The problem: In the entries that follow, the lines from the line containing "多層大容量ワゴン PP素材 収納ワゴン" up to and including the line containing "The kitchen is" must be copied exactly, with pictures omitted.

##### Data for analysis

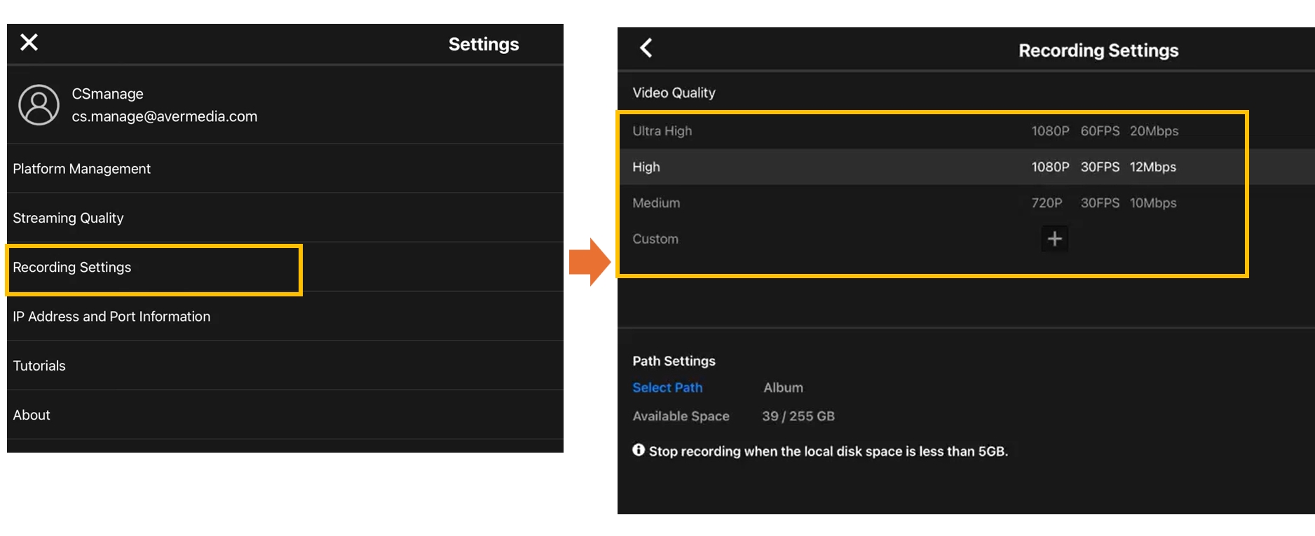 - Change resolution in Recording Settings.
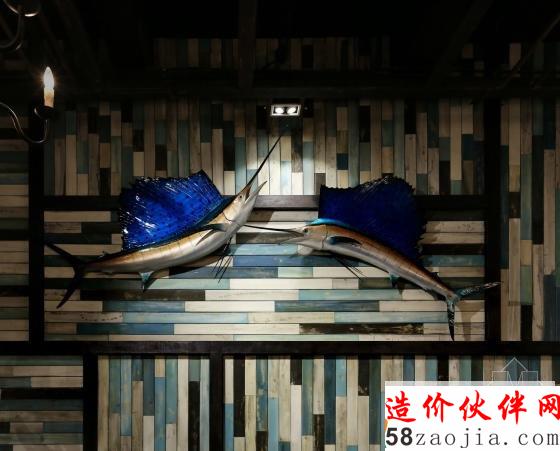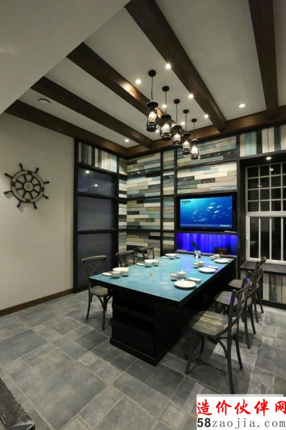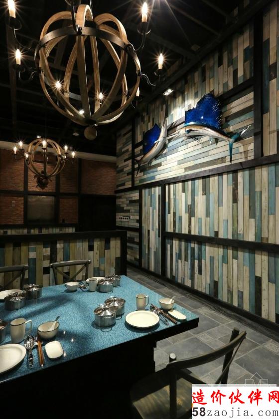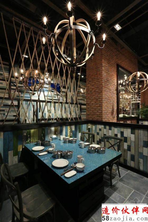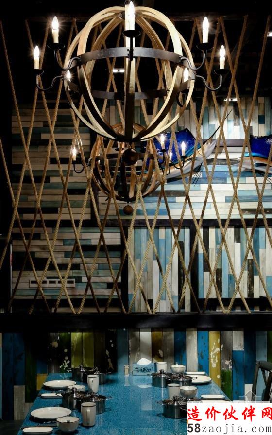 由济南思锐空间设计有限公司所设计的90海里新派火锅,面积约为2200平方米,是一家新派火锅餐厅,浪漫的地中海风与中国传统饮食文化相融合的食尚空间。海蓝色旧木条板.锈铁与白色涂料结合船桨、浮漂、舵轮、仿真旗鱼、古帆船模型等航海风格配饰,营造了一种蔚蓝色的浪漫。
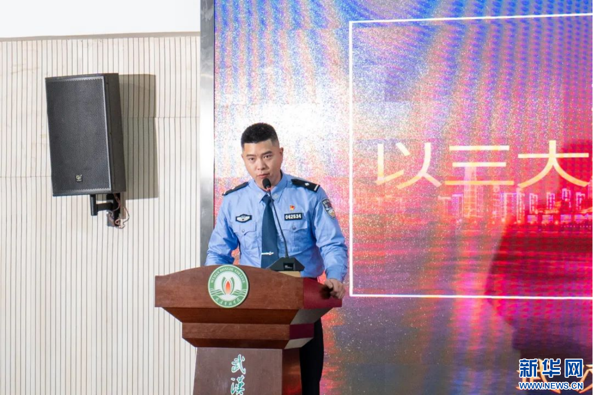 武汉市公安局反恐怖和特警支队特警李一沐一身藏蓝警服,让同学们肃然起敬。他讲述了青年民警的工作日常,从守护红色热土的坚定足迹,到抗击洪水时筑起的人墙,再到疫情肆虐时无畏的逆行,人民警察的身影始终在最需要的地方挺立。
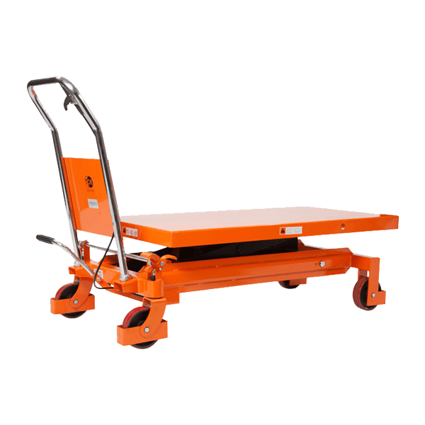 - Конструкция состоит из опорной рамы с колёсами, рабочей платформы и силовых диагональных тяг с ножничным механизмом.
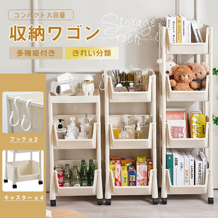 多層大容量ワゴン PP素材 収納ワゴン キャスター付き 取付簡単 移動でき収納スペース フック付き 多機能付き 3段 4段 頂上部2式 蓋式 U型式 収納ラック 隙間収納 おしゃれ 整理整頓 オ 北欧
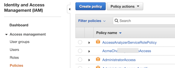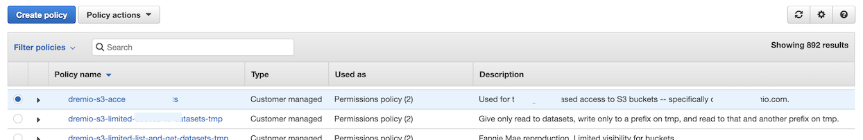 In the list of policies, check the box next to the name of the policy created in the previous steps. Use the Filter menu and the search box to find the policy if necessary.
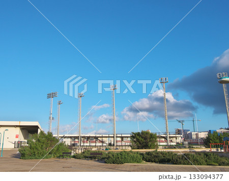 ジブラルタル海峡 エウローパ岬灯台のそばのサッカースタジアム 4月の早朝
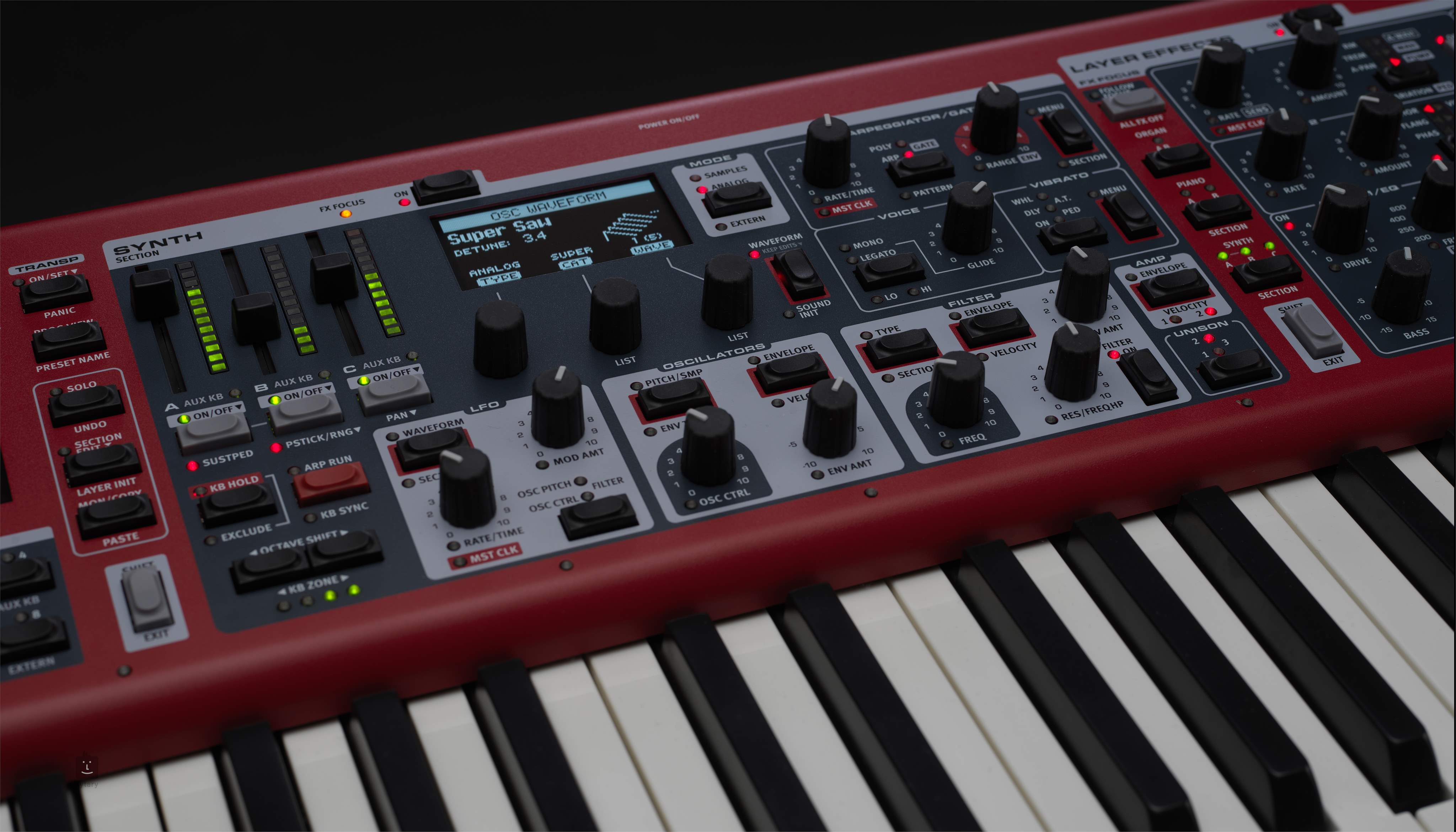Sekcjasyntezatora jest napędzana przez silnik Nord Wave 2 Synth Engine oparty na sprawdzonej topologii Sample Playback. Wśród niezliczonych funkcji warto wspomnieć 1 GB pamięci, 46-głosową polifonię, kilka typów oscylatorów (w tym analogowy), możliwość trzech niezależnych warstw, rozszerzoną kontrolę w czasie rzeczywistym, zaawansowany polifoniczny arpeggiator oraz tryby gate i pattern.
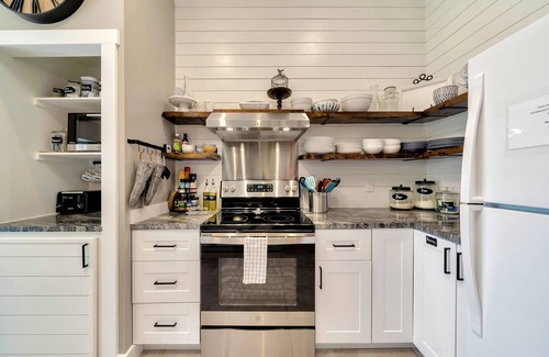The kitchen is equipped with a full-size stove/oven, microwave, dishwasher and ice making refrigerator as well as a wide ranges of pots/pans, baking dishes, spices and seasonings, cooking oils, and cooking sprays. Also included are many small appliances for your convivence while vacationing: traditional air fryer, Ninja Foodie, traditional toaster, ice crushing blender, hand mixer, electric tea kettle, electric griddle, waffle maker, microwave popcorn maker, crock pot, traditional coffee machine, as well as a single serve Kruerig KCup machine.
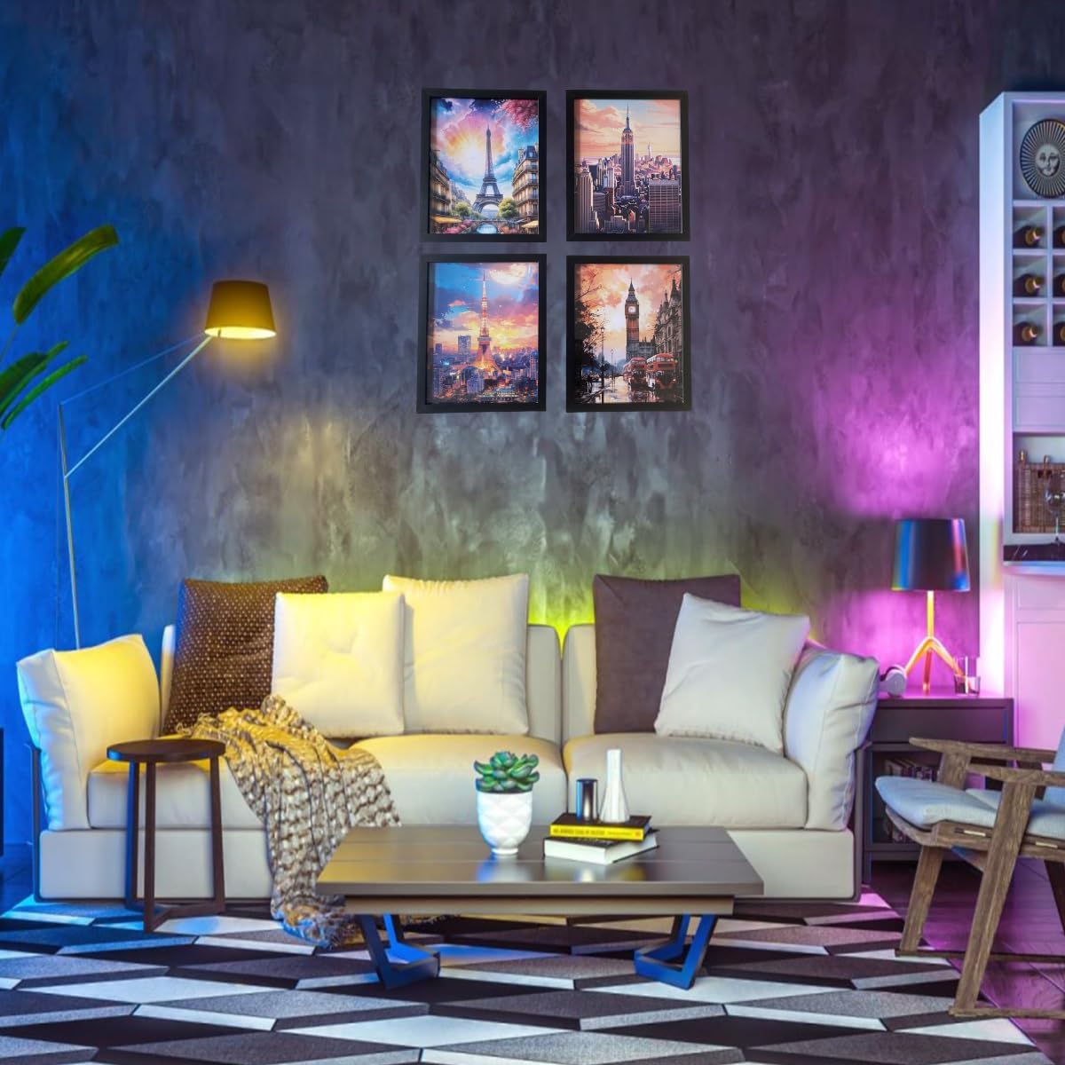 Boho Wall Art Decor,New York, London, Tokyo, Paris, Eiffel Tower,City Wall Decor Art,Modern Landscape Wall Art for Living Room Bedroom Prints Poster,8x10 Inch Set of 4,Framed
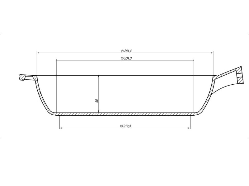 Dydis: skersmuo 28 cm, sienelių aukštis 6 cmSvoris: 3,8 kgMedžiaga: nelakuotas ketusRankena: mediena (alkšnis), nuimamaDangtelis: atsparus karščiui stiklas su bakelito rankena
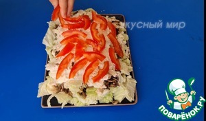 Сверху майонез, затем куриное мясо, опять майонез, затем помидоры
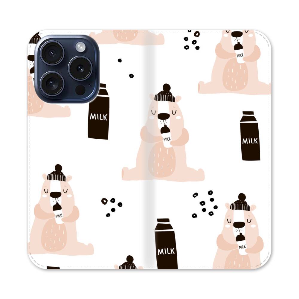 Bär Trinkt Milch Apple iPhone 15 Pro Flip Case● Seitlich klappbar
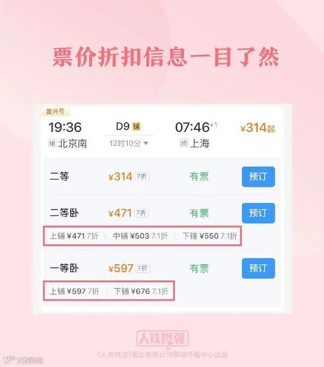 铁路12306App购票页面进行功能更新,新版购票页面可显示折扣信息,让旅客更加方便了解实时票价变化。
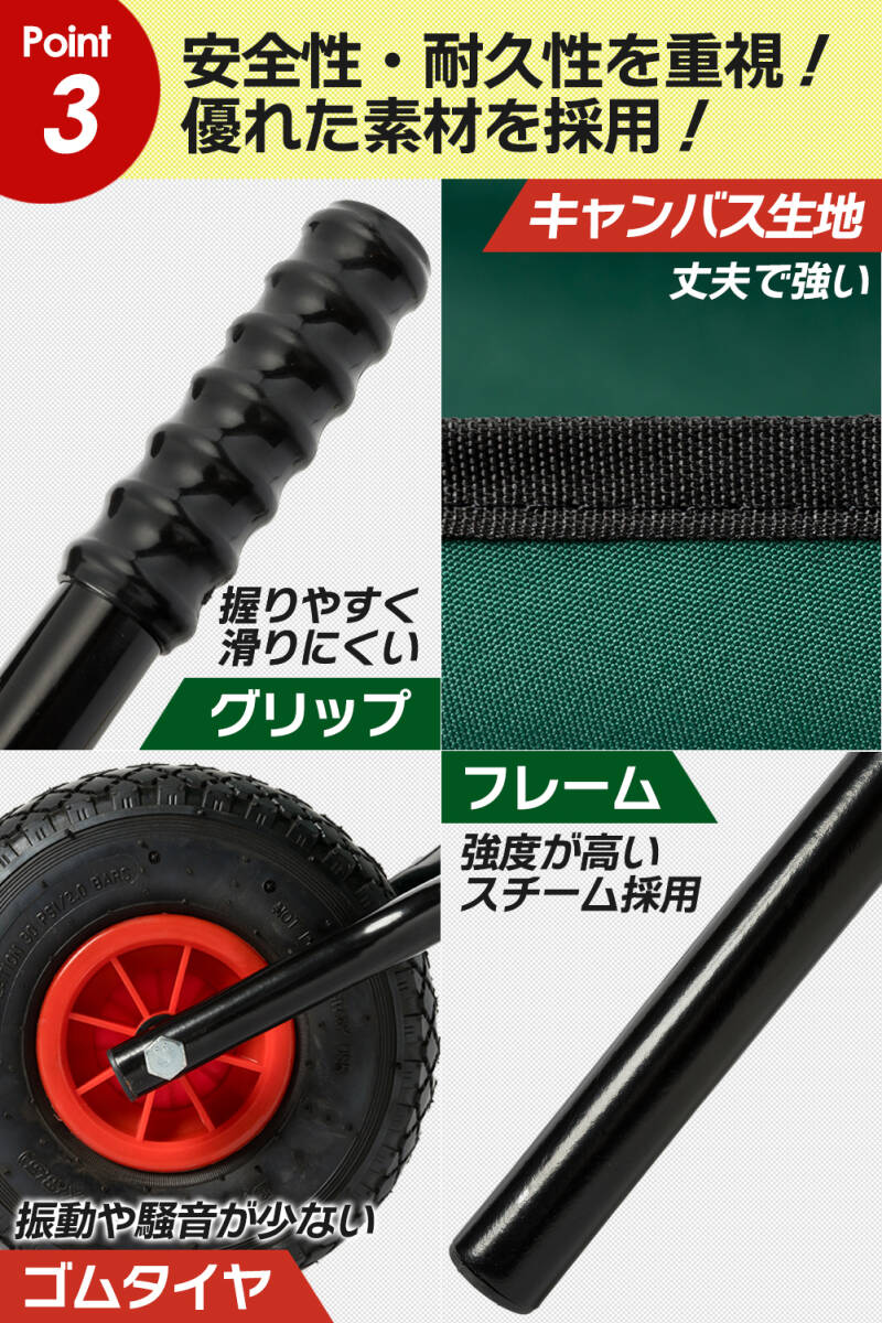 | 商品説明 | 展示品となりますので、多少のキズや汚れ等がございます。 使用上問題ございませんので、ご安心ください。 組立説明動画:折りたたみ一輪車

##########

Reply to the task:
 多層大容量ワゴン PP素材 収納ワゴン キャスター付き 取付簡単 移動でき収納スペース フック付き 多機能付き 3段 4段 頂上部2式 蓋式 U型式 収納ラック 隙間収納 おしゃれ 整理整頓 オ 北欧
 In the list of policies, check the box next to the name of the policy created in the previous steps. Use the Filter menu and the search box to find the policy if necessary.
 ジブラルタル海峡 エウローパ岬灯台のそばのサッカースタジアム 4月の早朝
Sekcjasyntezatora jest napędzana przez silnik Nord Wave 2 Synth Engine oparty na sprawdzonej topologii Sample Playback. Wśród niezliczonych funkcji warto wspomnieć 1 GB pamięci, 46-głosową polifonię, kilka typów oscylatorów (w tym analogowy), możliwość trzech niezależnych warstw, rozszerzoną kontrolę w czasie rzeczywistym, zaawansowany polifoniczny arpeggiator oraz tryby gate i pattern.
The kitchen is equipped with a full-size stove/oven, microwave, dishwasher and ice making refrigerator as well as a wide ranges of pots/pans, baking dishes, spices and seasonings, cooking oils, and cooking sprays. Also included are many small appliances for your convivence while vacationing: traditional air fryer, Ninja Foodie, traditional toaster, ice crushing blender, hand mixer, electric tea kettle, electric griddle, waffle maker, microwave popcorn maker, crock pot, traditional coffee machine, as well as a single serve Kruerig KCup machine.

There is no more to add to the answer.